THE decline in non-Covid-related spending for health and education during the pandemic is expected to reduce life expectancy as well as increase inequality nationwide, according to the Philippine Institute for Development Studies (PIDS).
In a discussion paper, PIDS Senior Research Fellows Michael R.M. Abrigo and Connie Bayudan-Dacuycuy as well as President Aniceto C. Orbeta Jr. said non-Covid-related human capital spending nationwide declined by at least P118 million between 2018 and 2020.
For households, the decline was higher for health at 15.2 percent compared with education at 0.1 percent due to falling incomes. Public sector spending, however, increased 9.4 percent for education and decreased by 9.2 percent for health.
“The drop in per capita health expenditures in the early Covid-19 pandemic relative to the 2018 baseline is expected to lead to a decline in life expectancy at birth, no change in average lifetime labor income, and a rise in income inequality. The impact on life expectancy may not be unexpected, given the significant drop in health expenditures in 2020,” the researchers said.
The authors, Abrigo, Dacuycuy, and Orbeta, also stated that other factors will complicate the situation of the country.
They said that a decline in early-life mortality and fertility rate, which has reached below replacement rate, as well as the reduction of life expectancy on the back of higher adult mortality, will “depress income per capita.”
The PIDS researchers said the early or premature death of adults in their prime will slow the growth of the working-age population compared to the elderly and children in the population.
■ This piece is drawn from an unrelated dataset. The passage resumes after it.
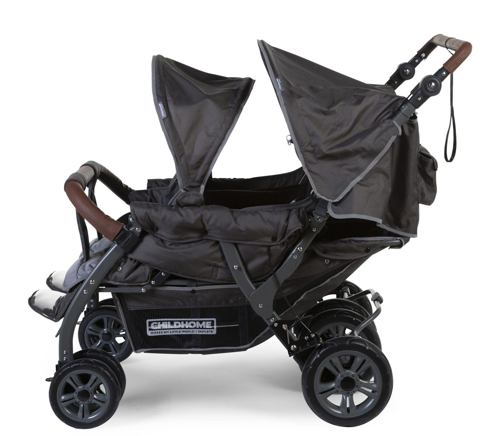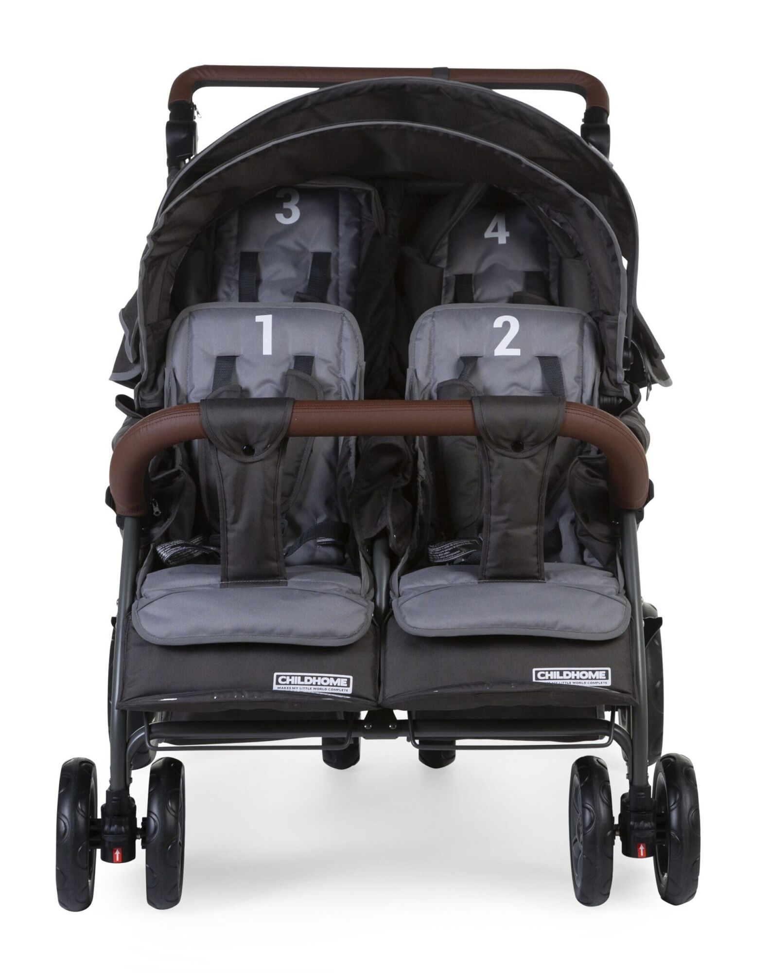 4persoons wandelwagen Autobrake met lederlook handvat beantwoordt aan de vraag van vele kinderdagverblijven en onthaalmoeders. De Quadruple Autobrake biedt namelijk de mogelijkheid om met 4 kleuters, van 6 maanden tot 15 kg, tegelijk op stap te gaan.

Abrigo, Dacuycuy, and Orbeta also said that early deaths could prevent the country from maximizing the returns on its human capital investments.
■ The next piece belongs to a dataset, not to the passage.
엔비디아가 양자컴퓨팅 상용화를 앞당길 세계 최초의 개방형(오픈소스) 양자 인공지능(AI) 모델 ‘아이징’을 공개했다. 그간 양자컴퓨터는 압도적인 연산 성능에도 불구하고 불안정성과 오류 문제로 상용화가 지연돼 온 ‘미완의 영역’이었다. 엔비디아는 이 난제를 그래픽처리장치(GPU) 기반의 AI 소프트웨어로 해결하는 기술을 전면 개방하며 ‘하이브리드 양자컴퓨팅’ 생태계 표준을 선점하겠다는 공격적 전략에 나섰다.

“These compounding effects suggest that the country may fail to fully realize economic potentials brought about by demographic change, i.e., the so-called demographic dividends,” the researchers said.
The findings showed that life expectancy is seen to decline across almost all age groups. However, they noted that the drop from the pre-Covid-19 level is lower compared with lifetime exposure to COVID-19 human capital spending levels.
Lifetime labor income, meanwhile, is expected to decline among the young aged below 20 and to increase among younger prime-age cohorts, the researchers said. This is driven by changes in education spending.
The research also found that changes in education and health spending have “diverging effects on income inequality.” While per capita education spending was increased for older children in the early years of the pandemic, this will have no impact on improving inequality across populations.
The decline in health spending per capita, meanwhile, is expected to increase income inequality among the young and younger prime-age adults.
“Unfortunately, the decline in health spending during the early phase of the Covid-19 pandemic is likely to result in adverse long-term outcomes. This highlights the need to assess the health programs and other initiatives implemented for the young population during the pandemic,” the authors said.
“While the sustained education spending during the early pandemic phase is expected to yield favorable future economic outcomes, strategic education investments are still needed to improve the productivity of younger cohorts,” they added.
The National Economic and Development Authority (Neda) earlier said the Philippine economy will take a decade to go back to its prepandemic growth path due to the lingering effects of the pandemic and the lockdowns.
Former Socioeconomic Planning Secretary Karl Kendrick T. Chua said the pandemic and the lockdowns imposed by the government are expected to cost the Philippine economy a total of P41.4 trillion in the next 40 years.
Neda estimated that in 2020, the economy lost P4.3 trillion and is expected to continue to lose another P37 trillion in the next 10 to 40 years.